(0 0 1) Facet-exposed anatase-phase TiO2 nanotube hybrid reduced graphene oxide composite: Synthesis, characterization and application in photocatalytic degradation

- The hydrothermal and lyophilization methods can reduce GO and anchor TNT to RGO sheets synchronously.
- The RGO-TNT can enhance the photocatalytic degradation of methylene blue, superior to pure TNT.
- The photocatalytic activity can be changed by adjusting mass ratios of TiO2 powder to GO used for preparation of RGO-TNT.

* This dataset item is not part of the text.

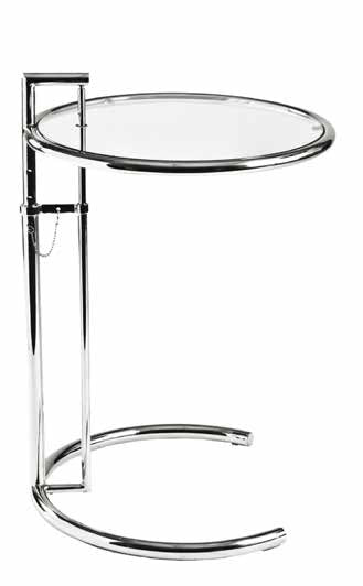 Tavolo basso con piano in cristallo, struttura cromata o in acciaio lucidata a specchio, altezza regolabile.

Reduced graphene oxide (RGO) and TiO2 nanotube (TNT) with (0 0 1) facet-exposed anatase phase are covalently bonded together to synthesize TNT hybrid RGO (RGO-TNT) through consecutive process such as hydrothermal reaction, HCl washing, lyophilization and heat treatment with graphene oxide (GO), TiO2 powder and high concentration NaOH solution as the starting materials. The TNT with the diameter between 10 and 20 nm characterized by high resolution transmission electron microscopy (HRTEM) is in anatase phase proven by X-ray diffraction (XRD) and HRTEM. Additionally, the more active (0 0 1) facet is exposed identified by HRTEM. More significantly, TNT is bridged to RGO by CTi bond by the measurement of X-ray photoelectron spectroscopy (XPS). The photoluminescence (PL) spectra has testified that RGO in RGO-TNT can transfer and accept photoelectrons from TNT. The photocatalytic activity of RGO-TNT for degrading methylene blue (MB) is enhanced by contrast with pure TNT, and changeable by adjusting the mass ratios of GO to TiO2 powder. Simultaneously, lyophilization is benefit for maintaining the high active surface area of RGO-TNT, which is deeply in relationship with a higher photocatalytic activity. After four running cycles of photocatalytic degradation, RGO-TNT has shown a high stability and perfect reproducibility.